Ernesto Milá Rodríguez (Barcelona, 1952) is a Spanish far right political activist known for his thesis about the distinction between patriotism, which he supports, and nationalism, which he sees as dangerous and divisive.
Born in Barcelona to a Catalan father belonging to the Penedès rural bourgeoisie and an Extremaduran immigrant mother (herself the daughter of a Republican military officer), Milá began his political activity as one of the members of the fringe right-wing extremist groups (usually named incontrolados, "uncontrolled elements") who rallied against leftist or pro-democratic meetings during late Francoism, usually assuming the role of unofficial mob breakers and violent counter-rioters. His political affiliation began in the relatively short-lived neonazi group PENS (Partido Español Nacional Socialista).
As Xavier Casals Meseguer explains in Los Neonazis en España (Editorial Grijalbo, 1995), the PENS terrorist attacks on the headquarters of El Ciervo (a relatively center-leaning Catholic journal), theTaller Picasso (1971), Catalan libraries (such as the Cinc d'Oros, 1971), the Gran enciclopédia catalana (1974) and libraries and public centers in Valencia (1975), among others, were not prosecuted—mainly due to the fact that the Francoist police and the SECED itself, along with a former member of Franco's bodyguard corps (Luis García Rodríguez, later founder of the neo-Nazi group Estado Nacional Europeo), provided active support for said actions.

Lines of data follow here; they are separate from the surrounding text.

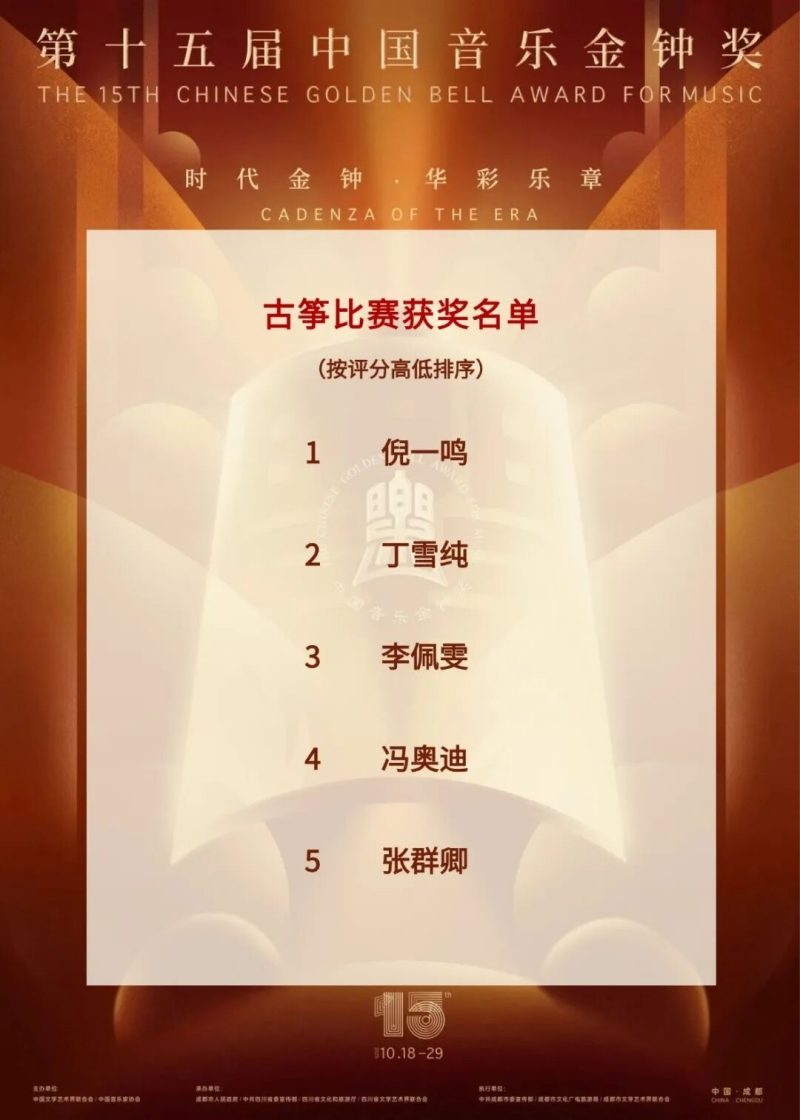 10月26日,第十五届中国音乐金钟奖古筝比赛决赛圆满结束,现将名单公布如下: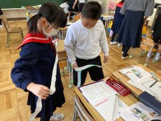 2月3日(金)2年2組の算数の時間、子ども達は1mの「テープものさし」を使っていろいろなものの長さを測定していました。身の回りにあるものの長さに関心をもち、量の感覚を身に付け、日常生活で生かすことが目的の活動です。子ども達は、友達と協力しながら、楽しそうに取り組んでいました。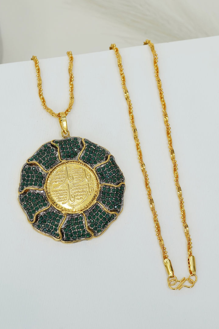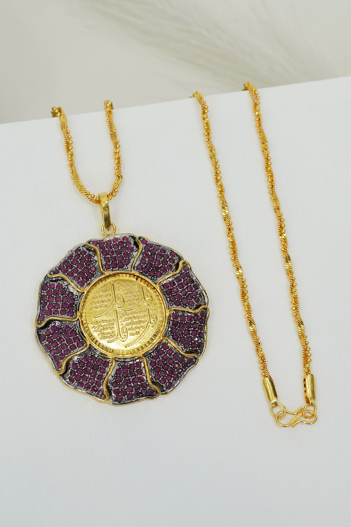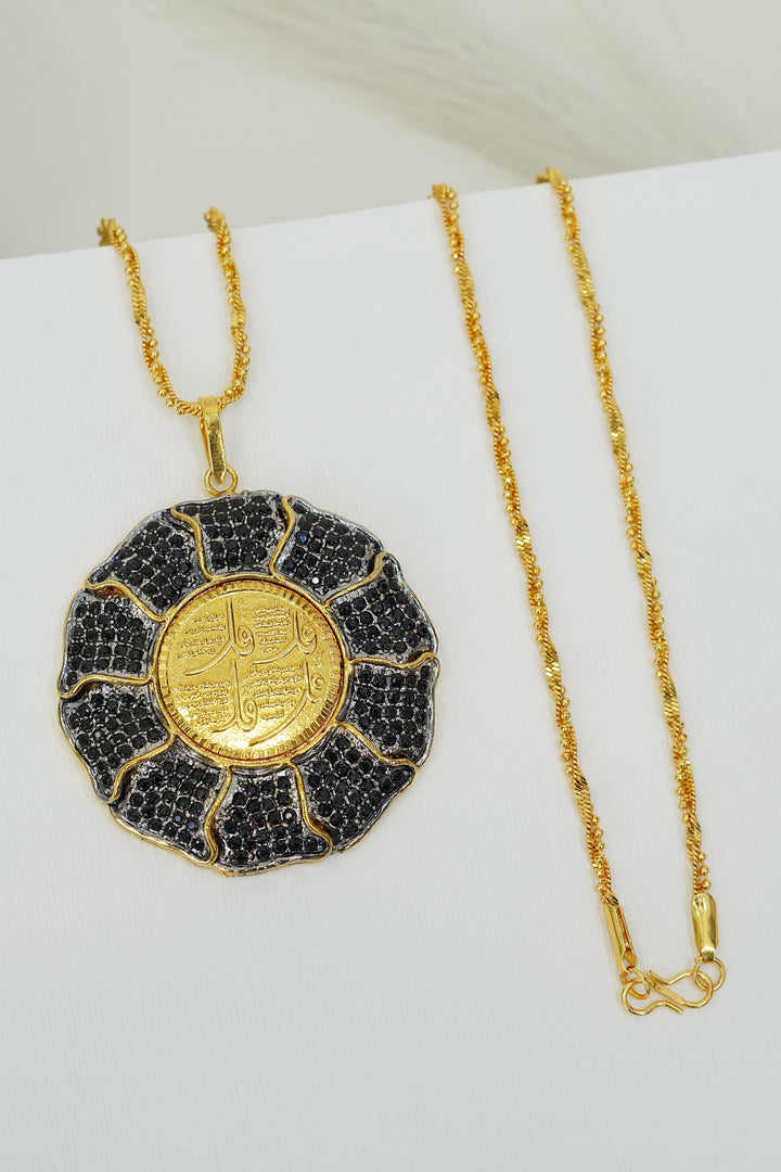 Gold Plated 4 Qul Calligraphy Zirconia Pendant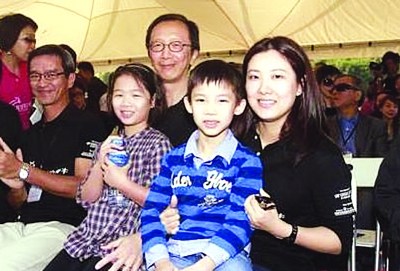 为了配合活动的需要,伏明霞与老公一同穿上了印有活动标记的T恤衫,显得精神干练,而儿女的着装则要休闲一些,看起来一家四口其乐融融,既是为活动添彩,也是同享天伦之乐。

Milá then became a member of the Círculo José Antonio in Barcelona, subsequently entering Blas Piñar's Fuerza Nueva (1975), from which he was expelled in 1977, mostly on the grounds of his recent civil marriage; he then joined the Fuerza Nueva splinter group Frente Nacional de la Juventud founded by Ramón Graells Bofill, which later merged into the Youth Front.